Seafood (shrimp, mussels)

Tomatoes

Onion

Garlic

Cream

Greens

Salt, pepper

Preparation:

Defrost the seafood and put it in a frying pan.

Fry the seafood over medium heat until tender.

Cut tomatoes into cubes, chop onions finely, cut garlic into cubes.

Fry the onion and garlic in a frying pan until golden brown.

Add tomatoes to the pan and cook them over medium heat until soft.

Add cream, salt and pepper to taste to the pan.

Add ready-made seafood

products to the pan and mix.

Cook the soup over medium heat for another 5—7 minutes, stirring.
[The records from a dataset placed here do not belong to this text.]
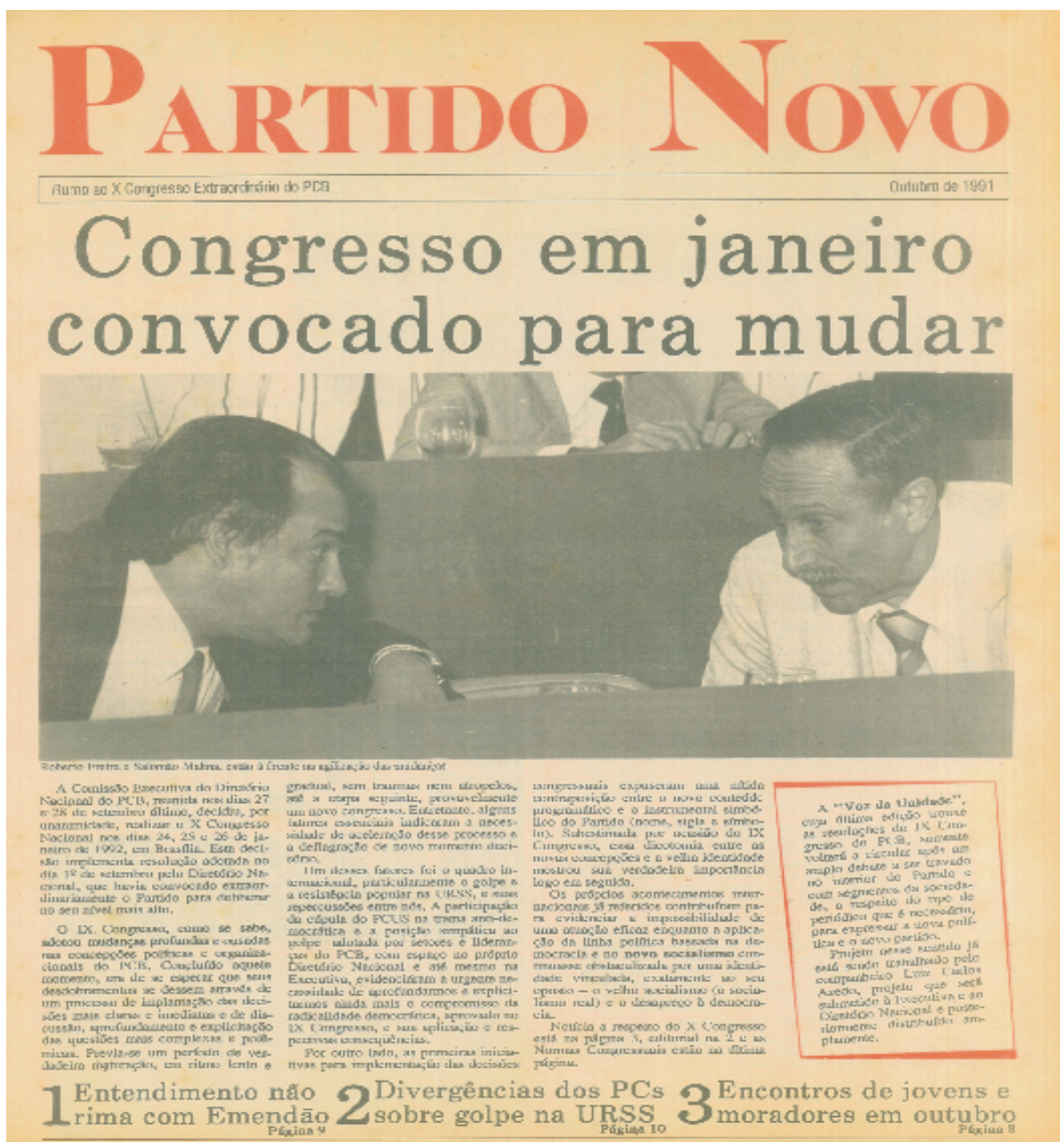
Figura 9 – Primeira página do fascículo de outubro de 1991 (VOZ DA UNIDADE já com o seu título transmutado para Partido Novo)

O jornal esclarece que no 9º Congresso foram adotadas “mudanças profundas e ousadas nas concepções políticas e organizacionais do PCB”, e que para continuar seria necessário romper com o “velho socialismo [...] e o desapareço à democracia” (primeira página acima). Nesses enunciados há um deslizamento de sentido em relação à renovação, ou seja, para se tornar em um novo partido o PCB deveria romper com os preceitos e fundamentos que deram origem à “vanguarda consciente dos trabalhadores”, e que já nesse momento o que era vanguarda havia se tornado em “velho socialismo”.
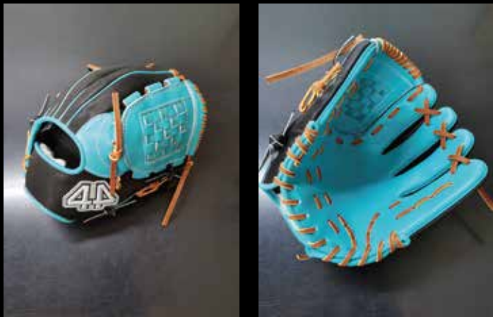
基本型 内野用カラー ⑨ USステアレザー スカイブルー・ブラック11.25
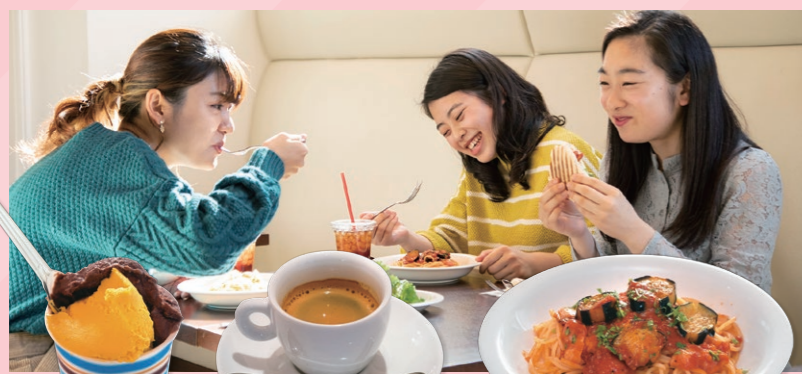
ジェラート (パンブキン/チョコレート)

落ち着いた雰囲気、くつろぎのひとときを過ごせます。 ジェラートやドリンクも好評です。
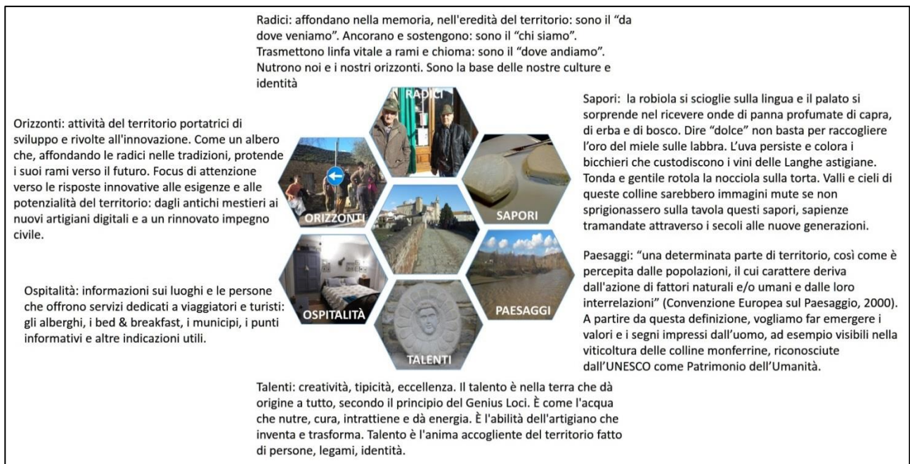
Figura 3. I nuclei tematici della mappa esperienziale di Monastero Bormida.

Serve hot, sprinkled with fresh herbs.

35. Chicken steak with grilled vegetables: Ingredients:

Chicken fillet

Zucchini

Pepper

Onion

Garlic

Olive oil, salt, pepper

Preparation:

Cut the chicken fillet into portions.

Cut the zucchini into circles, cut the pepper into thin strips.

Cut the onion into rings, chop the garlic finely.

Mix olive oil, salt, pepper in a bowl and add chopped vegetables.

Fry the vegetables on the grill until soft.

Add the chicken fillet to the grill and cook it until tender.

Put the finished chicken steak on a plate, put the vegetables on top.

Serve hot.

36. Fish pie with vegetables: Ingredients:

Fish fillet

Potatoes

Carrots

Onions

Garlic

Sheet dough

Eggs

Milk

Salt, pepper

Preparation:

Cut the fish fillet into portions.

Dice the potatoes and carrots, finely chop the onions, dice the garlic.

Fry the onions and garlic in a pan until golden brown.

Add the potatoes and carrots to the pan and cook until soft.

Add the fish to the pan and cook until cooked.

Fold the sheet dough into a baking dish.

Top with the cooked vegetables and fish.

Mix the eggs in a bowl

and milk, add salt and pepper to taste and mix.

Pour the egg mixture on top of the cake.

Bake the cake in the oven at 180 degrees Selsia for 30—40

minutes until the egg mixture hardens and the cake browns.

Remove the cake from the oven and leave to cool slightly.Serve hot or warm, sliced into portions.